Finding the Four Month Bug: A debugging story (evanjones.ca)

[ 2015-April-02 09:44 ]

I secretly love debugging. I hate the fact that it sometimes feels like you don't make progress, but figuring out a bug is so satisfying. I sometimes call debugging the fundamental skill of programming, because you need to debug to do anything else, such as teaching yourself new programming languges or understanding how to get a command line tool to do what you want. This is the story of how I figured out that JVM statistics can cause garbage collection pauses, which I hope is an interesting case study in how to debug hard problems. TL;DR: I noticed the problem was common on a system with a magnetic disk, but rare on a system with a flash disk. My process didn't do any file I/O, so inspecting the JVM showed the only writable file it had was the hsperfdata statistics file.

The full story

Around November of last year, a service I help maintain at Twitter had one or two instances a day garbage collect for 6-7 seconds, while normal pauses rarely take more than 100 milliseconds. This was a standard garbage collection issue that was resolved with some GC flag tuning [1]. To make sure the problem was fixed, I periodically looked at the chart of garbage collection pause times across all instances. After a few days, I didn't see any six second pauses. However, I did see something unusual:

This figure shows that most pauses are below 150 milliseconds, but a few instances a day have pauses greater than 200 milliseconds, and sometimes as high as 500-700 ms. When I looked at the garbage collection logs, I noticed these pauses were typical "ParNew" collections, so this must be a different problem. As I always do with garbage collection mysteries, I asked Carsten Varming, Twitter New York's JVM developer, for help. He noticed the log showed that the real time of the pause was longer than the sum of user and system CPU time. A parallel collection runs with multiple threads, so the user CPU time is typically many times larger than the real time. This means the kernel was suspending the GC threads for some reason. Carsten also suggested monitoring the safe point times, rather than just garbage collection pauses, since it may be affecting them as well.

Pauses everywhere

In the grand scheme of things, these pauses were not very important. For this service the worst-case impact on users was infintesimally small, maybe hundreds of timed out requests a day. However, at apporximately the same time we were deploying a new latency-sensitive service. I was looking at garbage collection times after a load test, and low and behold: this unrelated service had the same suspicious pauses. I started checking other services, and I ended up finding these pauses in nearly every service, as long as they were running a moderate number of instances. What could possibly be causing pauses that are hundreds of milliseconds long, in every service at Twitter?
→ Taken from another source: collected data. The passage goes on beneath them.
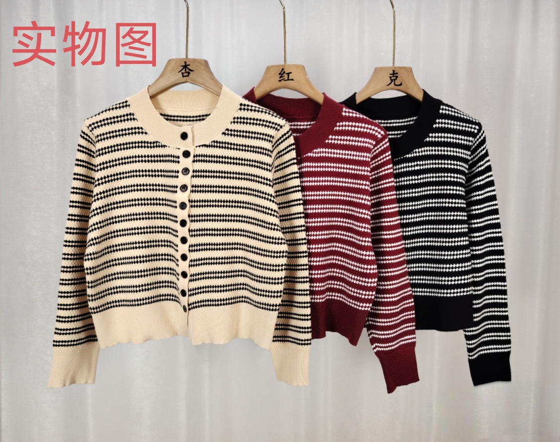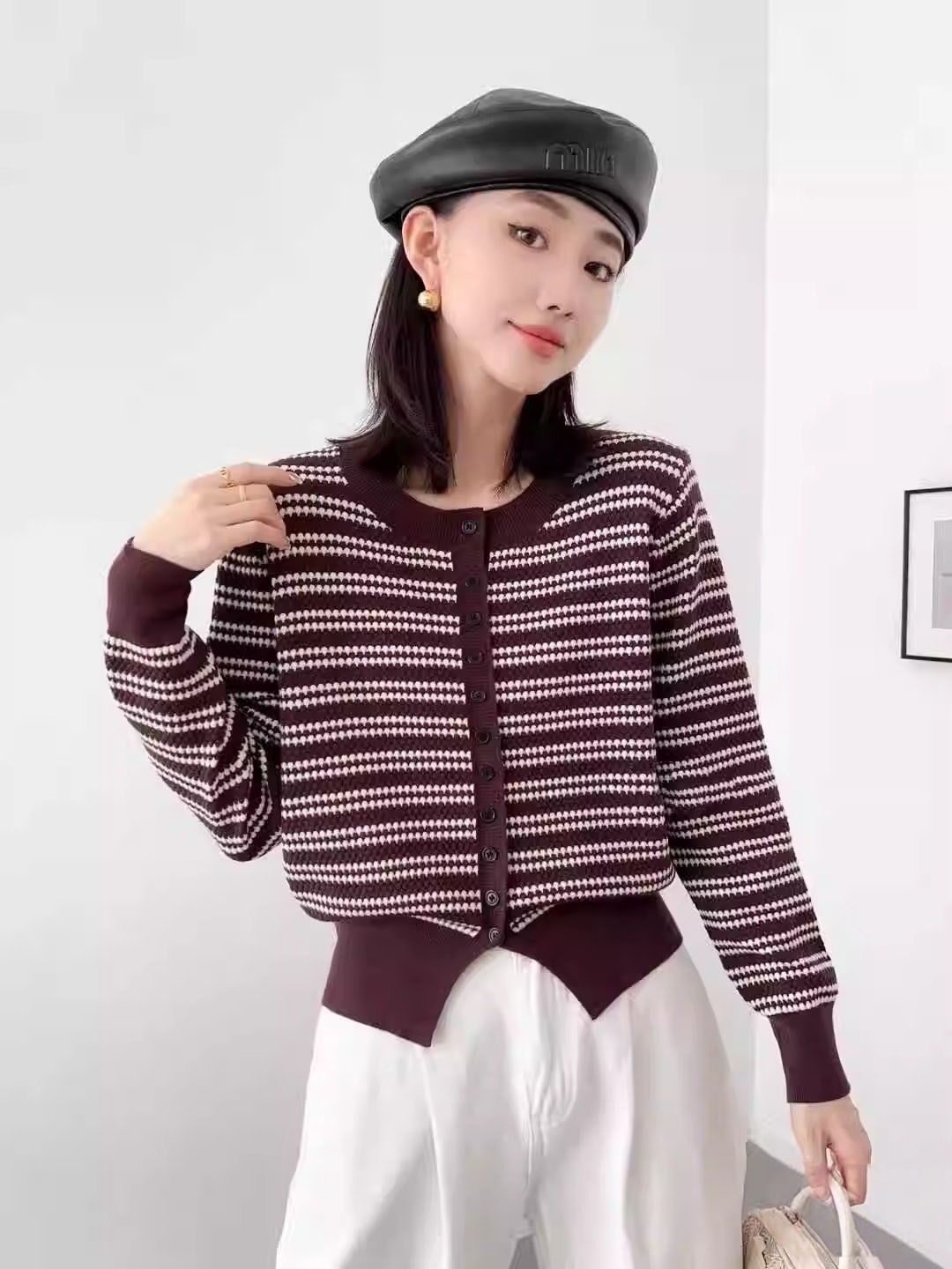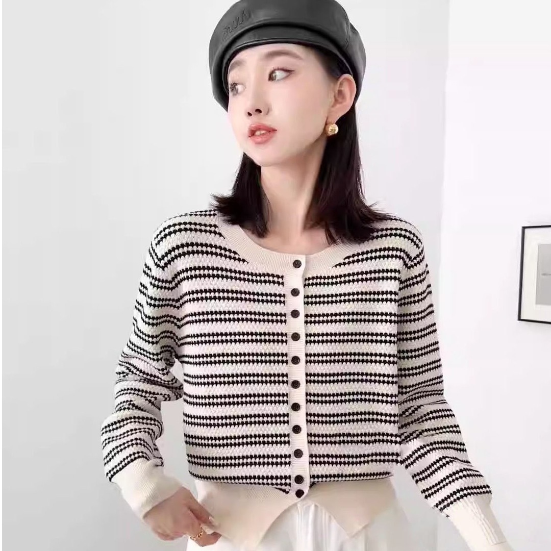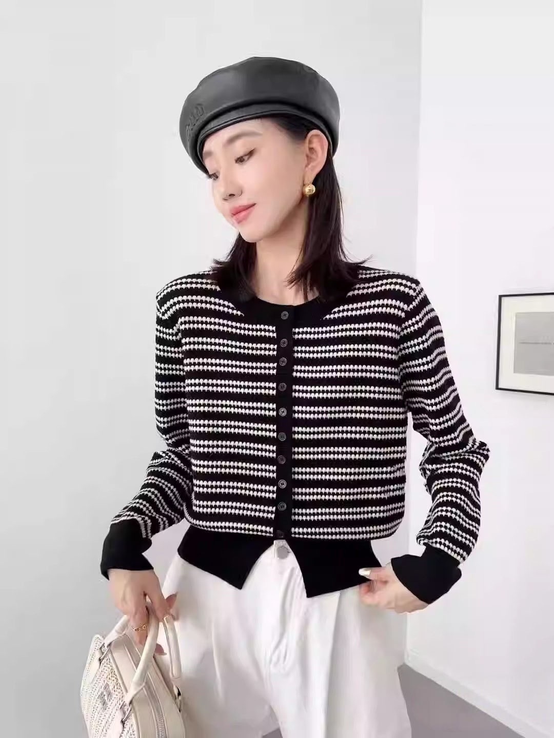 유행 서양식 줄무늬 긴 소매 니트 카디건 여성의 봄과 가을 새로운 우아한 분할 세련된 쇼트 탑 재킷스토어 가기
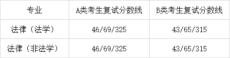 法碩(法學):A類:46/69/325;B類:43/65/315。
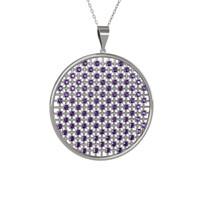 Ametist 18 ayar beyaz altın kolye (40 cm gümüş rolo zincir)
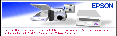 Zum Installieren des Scanners starten Sie einfach das Installationsprogramm auf der CD-ROM mit der EPSON-Scannersoftware und folgen den Anweisungen am Bildschirm. Das hier aufgeführte Beispiel bezieht sich auf den EPSON Perfection 2450 PHOTO. Legen Sie die CD-ROM mit der EPSON-Scannersoftware in das CD-ROM-Laufwerk ein. Wählen Sie die gewünschte Sprache aus.
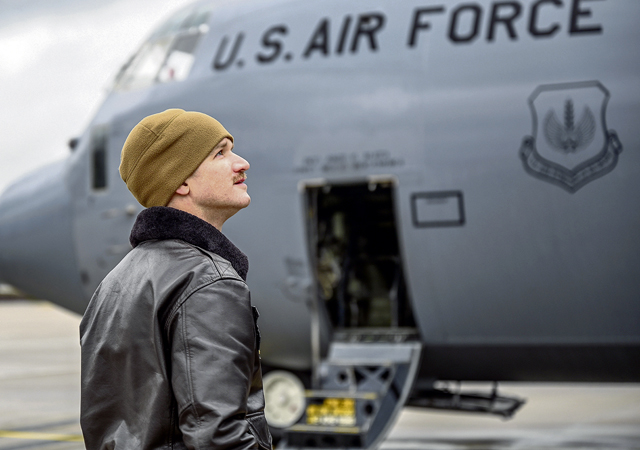 U.S. Air Force Capt. Gregg Burrow, 37th Airlift Squadron C-130J Super Hercules pilot, performs a pre-flight inspection on a C-130J aircraft at Ramstein Air Base, Germany, March 31, 2023. The 37th AS hosted NATO allies from Germany and the Netherlands to participate in a series of training events during International Interfly Week. (U.S. Air Force photo by Staff Sgt. Megan M. Beatty)
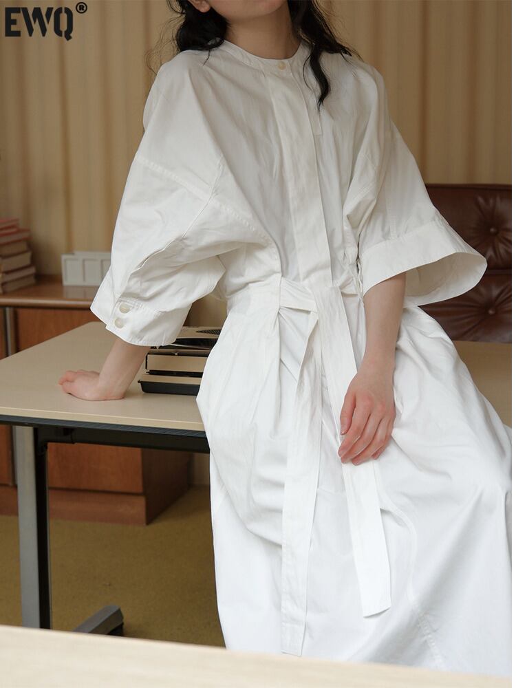 [EWQ] レースアップ ギャザー ウエスト ドレス レディース O ネック 半袖 カーディガン ドレス 秋 アーミー グリーン シャツドレス O028 ショート レッド ハーフスリーブ オータム 秋物 Oネック
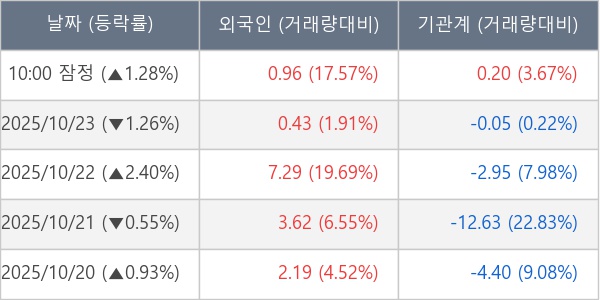 [표] 외국인ㆍ기관 순매매량 (단위 만주)
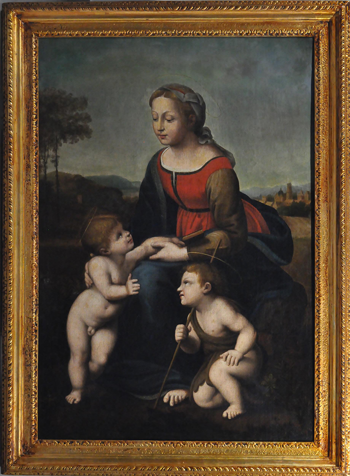 Anonimo ( fine XVIII - Inizi XIX sec) Da Raffaello - Madonna con bambino e San Giovannino olio su tela, cm 115x78
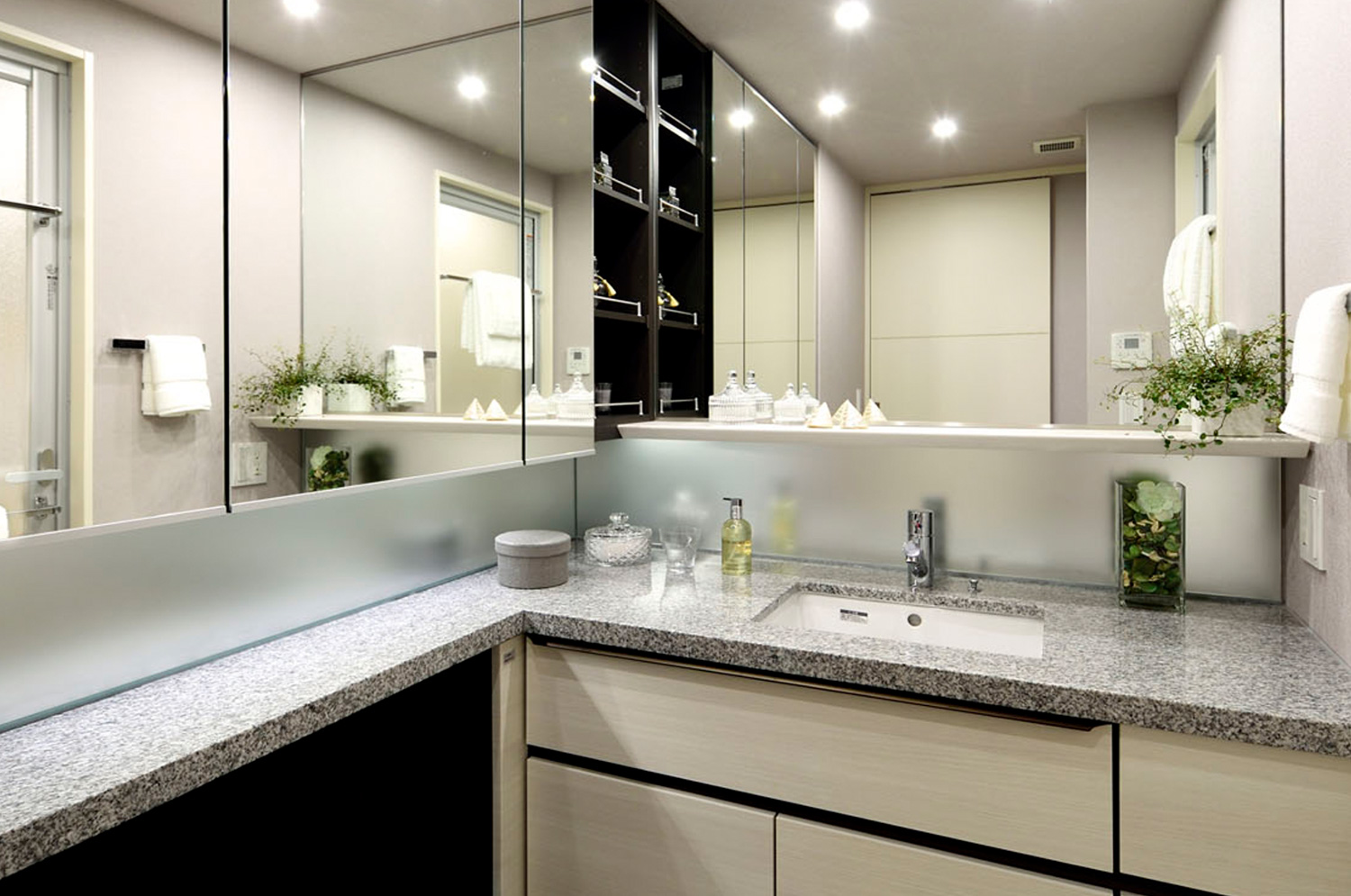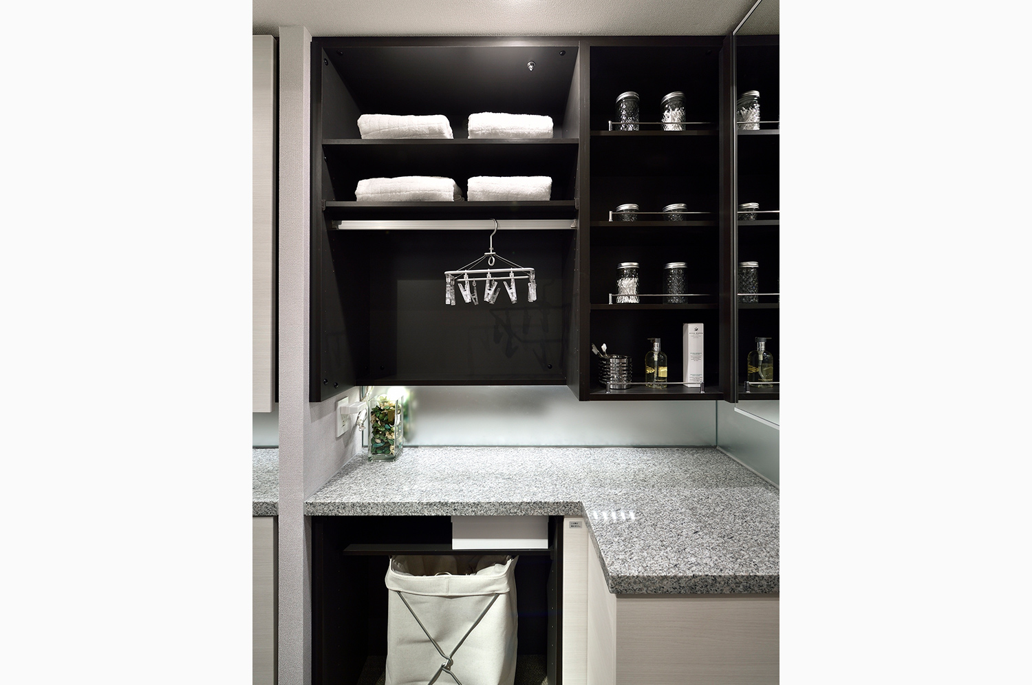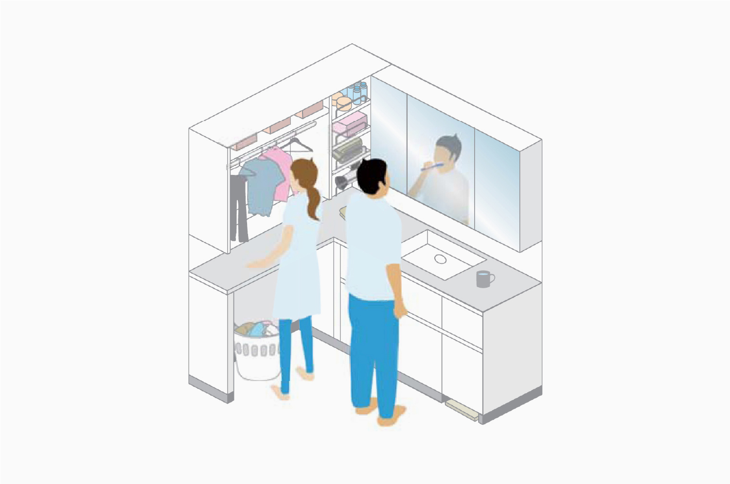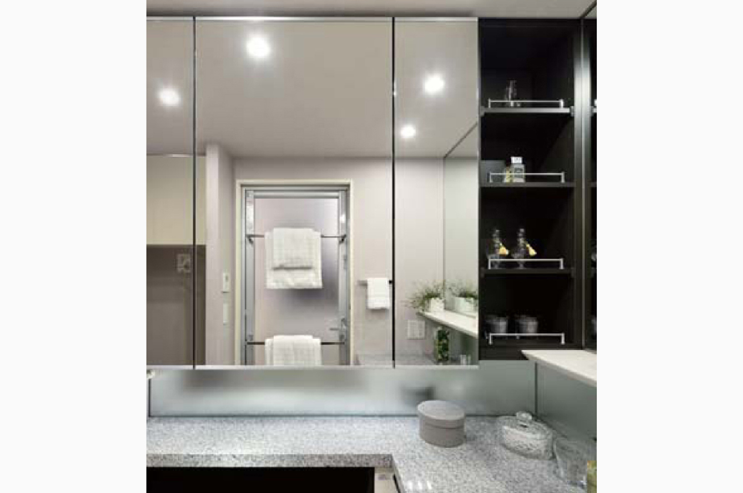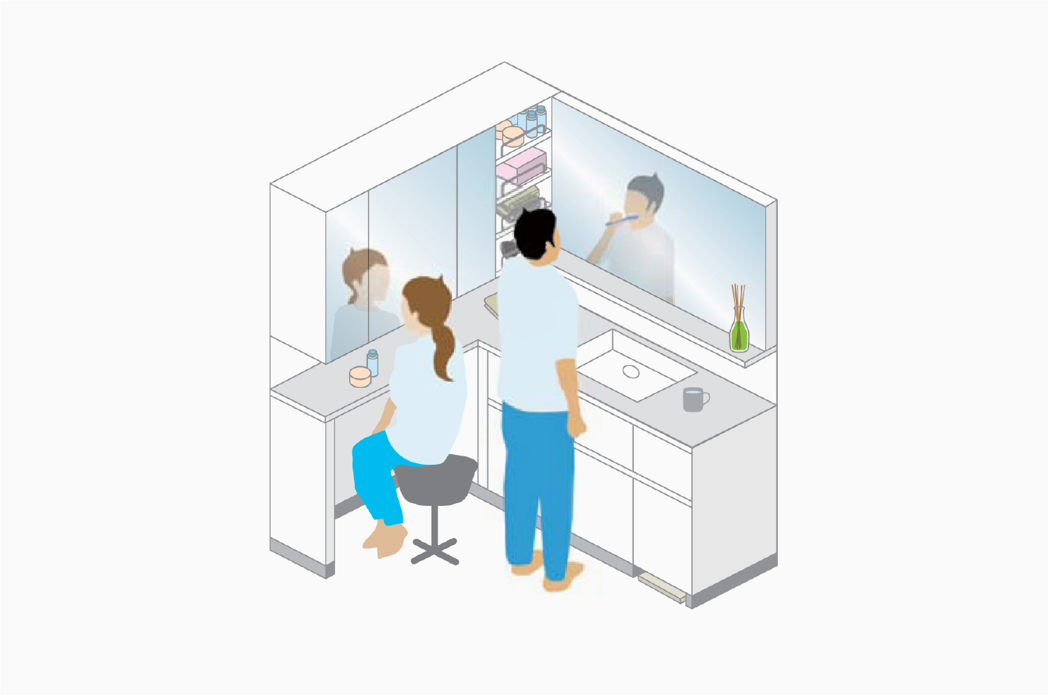 洗面台が使用中でも、もう1人が身支度可能な三面鏡つきのカウンタースペースを確保しました。また洗面台の鏡の前面には、ちょっとした小物が置ける棚をご用意。
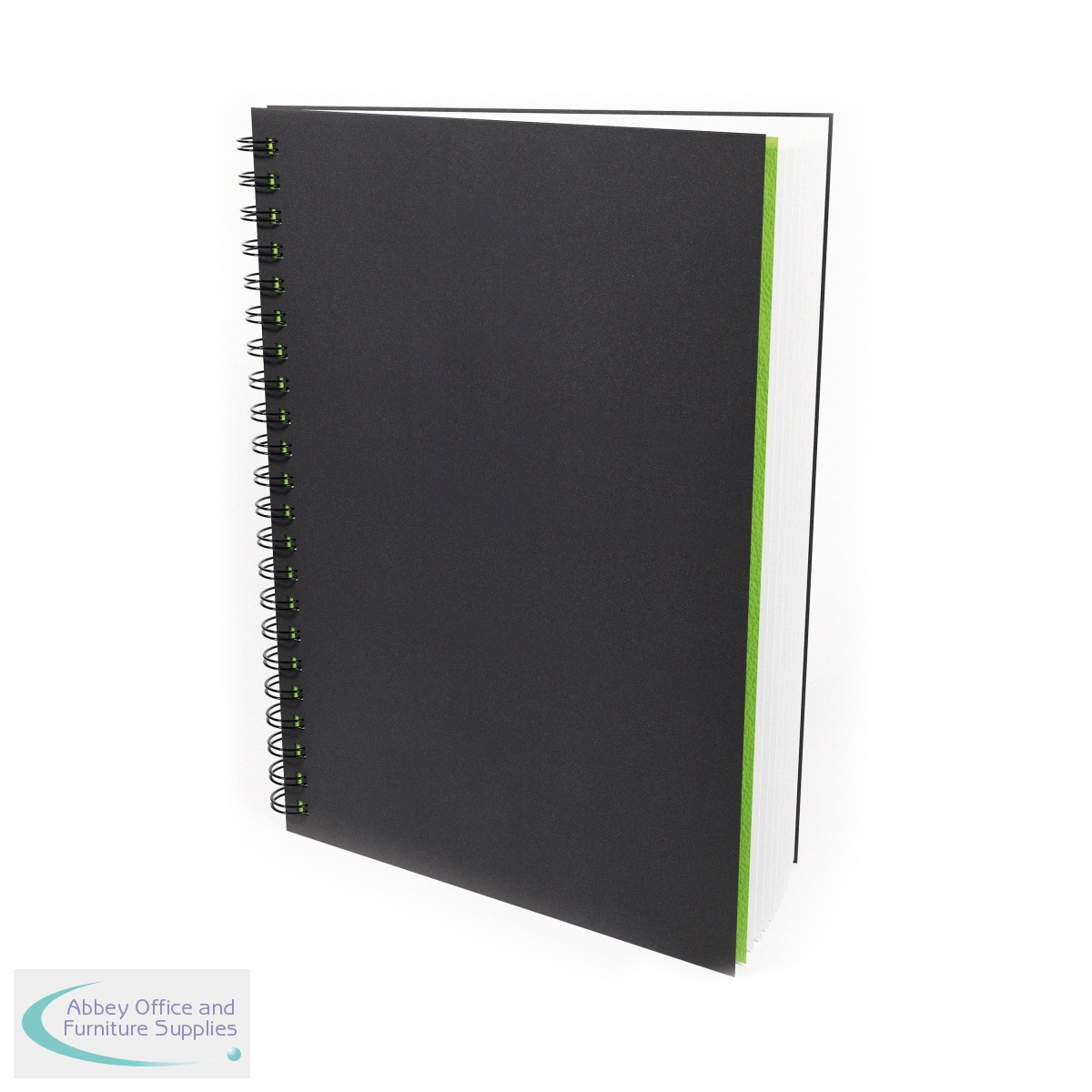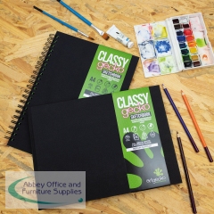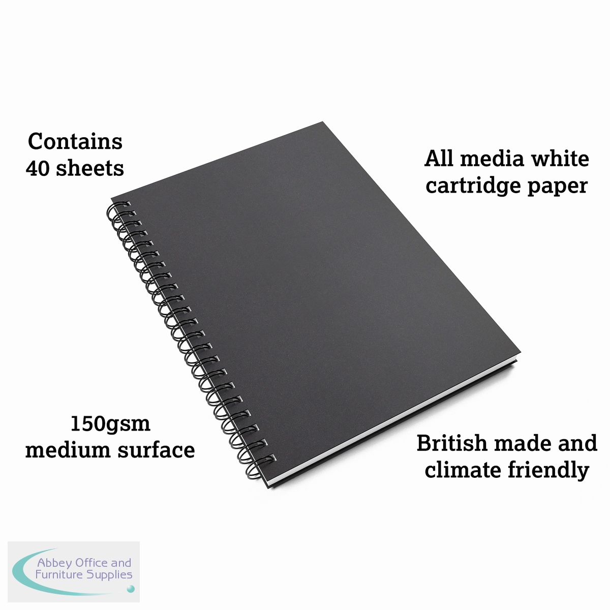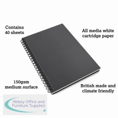 This British made, A4, portrait sketchbook contains 40 sheets (80 pages) of 150gsm, acid free, premium white cartridge paper. The medium surface makes it suitable for all types of media. Encased in a sturdy, black, hardback cover with a 'soft touch' laminated finish, the notebook is both durable and easy to clean. The paper is sized for wet strength, making it more resistant to bleed through and suitable for a variety of techniques. The large twin wire binding allows the sketchbook to lay flat whilst working and offers space for the sketchbook to expand as it fills with creations. Sourced from sustainable forests, this climate friendly notebook is the perfect choice for anyone looking to be more conscious about the environment.

At this point, I became slightly obsessed. More than anything, I justed wanted to understand what was happening, since it didn't make any sense. It also changed the value of understanding the problem. Instead of fixing some tiny GC blips in one service, I might be able to fix GC blips across all of Twitter's services, which might actually be worth my time (or at least that is how I justified it). I began to spend an hour or two looking at random logs and charts, every time I noticed a GC pause that looked suspicious (a few times a week), hoping to find some correlation. I also asking others for their theories, each time I found some interesting new data. Finally, I also started searching for reports of similar problems.

Other competing processes

One theory was that these systems were simply busy, so the kernel ran some other task while the JVM was garbage collecting. At Twitter, we use Apache Aurora to run services in our data centers. Aurora is built on Mesos, whichs relies on Linux containers (cgroups) to prevent processes from consuming more CPU and memory than they were allocated. I verified that we don't allocate more CPU than we actually have, and that even in the worst case other services should only be able to steal the CPUs for tens of milliseconds, not hundreds of milliseconds. It could still be possible for processes that are running outside the containers to cause this. I spent a lot of time digging through log files to try and find some tasks that might be running while these suspicious pauses occurred. I did find one or two instances where an expensive task seemed to be running at approximately the right time, but never anything that could explain all the pauses.

Investigating this theory was mostly a waste of time. I did learn about a number of system management and monitoring tasks that we run, but otherwise this was a complete waste of time.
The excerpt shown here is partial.